◆ Activity
Give all of the data below again exactly, and drop the images.

◆ Data shown
▼

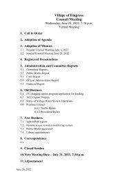 Posted on July 20, 2022 under: AnnouncementsA Regular Council Meeting for the Village of Empress will be by Zoom and will start at 7:30 pm, Thursday, July 21, 2022.
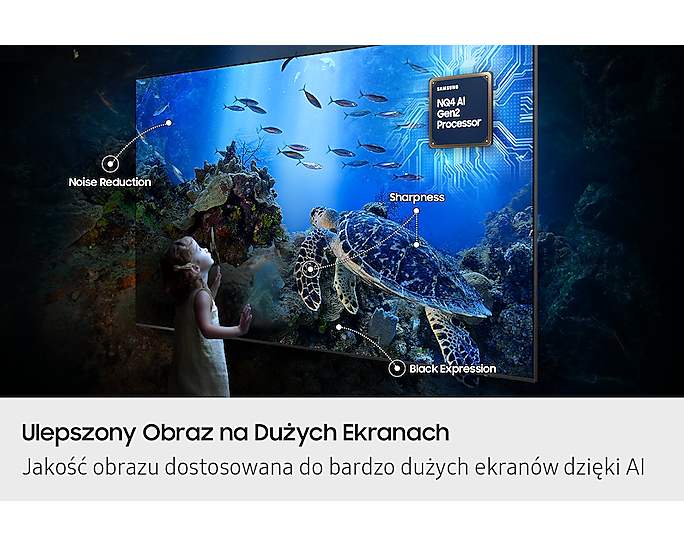 Цей телевізор оснастили потужним AI процесором NQ4 Gen2, котрий підтримує технології High Dynamic Range, включаючи HDR 10. Завдяки Quantum Mini LED підсвічуванню, ви отримаєте неперевершений контраст і чіткість зображення. Функція Smart Calibration автоматично налаштовує параметри для досягнення оптимальної яскравості та якості зображення.
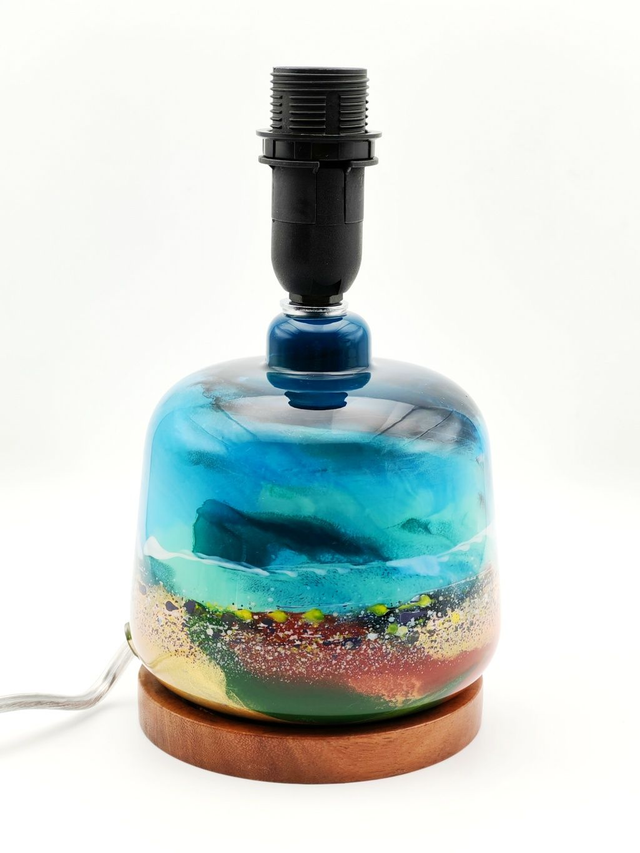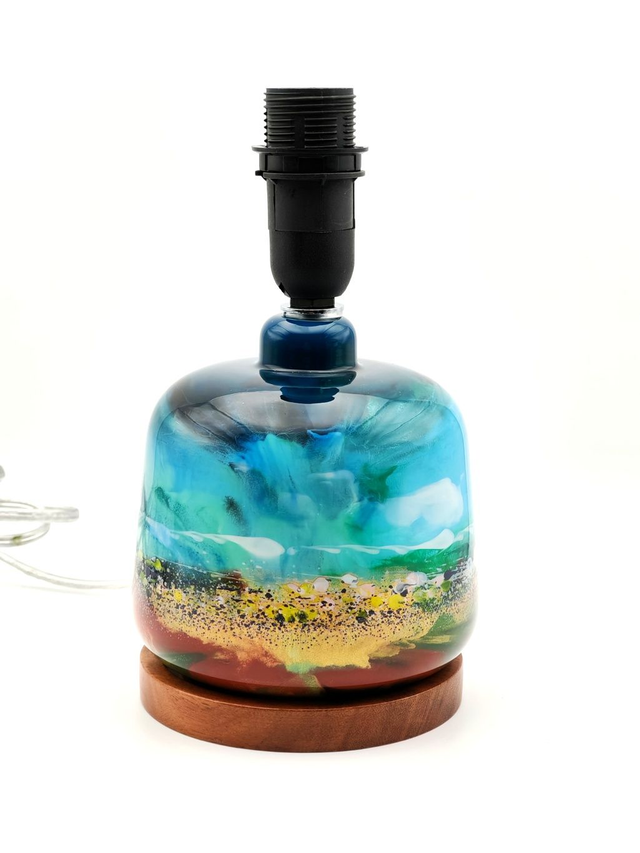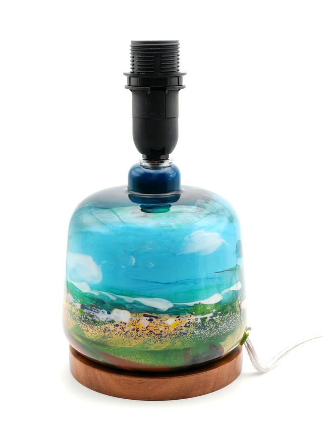 Original acrylic abstract Harris seascape painting on the inside of a mini glass lamp base with a solid wooden base. Crystal style 1.5m power cord with in-line switch and UK 3 pin plug. Only suitable for low wattage (4 watts max) E14 LED bulbs (not included). Each unique piece is hand painted and signed by artist Darren Cole in his studio on the Isle of Harris.
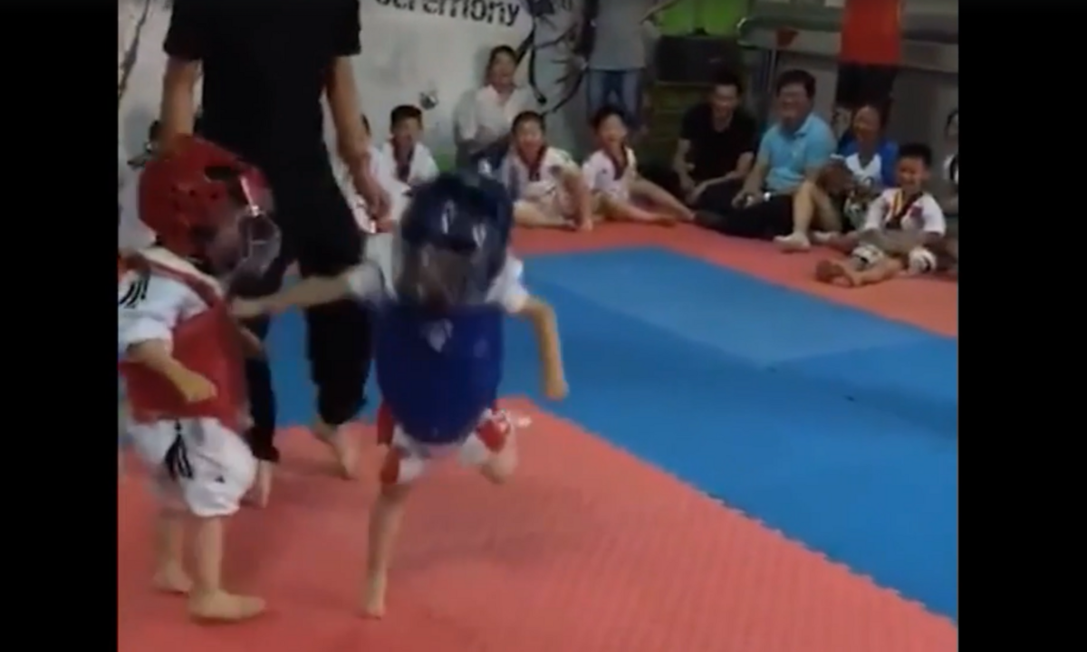 Bật cười xem võ sĩ nhí tung 'liên hoàn cước'

▲

◆ Solution to this problem
 Posted on July 20, 2022 under: AnnouncementsA Regular Council Meeting for the Village of Empress will be by Zoom and will start at 7:30 pm, Thursday, July 21, 2022.
 Цей телевізор оснастили потужним AI процесором NQ4 Gen2, котрий підтримує технології High Dynamic Range, включаючи HDR 10. Завдяки Quantum Mini LED підсвічуванню, ви отримаєте неперевершений контраст і чіткість зображення. Функція Smart Calibration автоматично налаштовує параметри для досягнення оптимальної яскравості та якості зображення.
 Original acrylic abstract Harris seascape painting on the inside of a mini glass lamp base with a solid wooden base. Crystal style 1.5m power cord with in-line switch and UK 3 pin plug. Only suitable for low wattage (4 watts max) E14 LED bulbs (not included). Each unique piece is hand painted and signed by artist Darren Cole in his studio on the Isle of Harris.
 Bật cười xem võ sĩ nhí tung 'liên hoàn cước'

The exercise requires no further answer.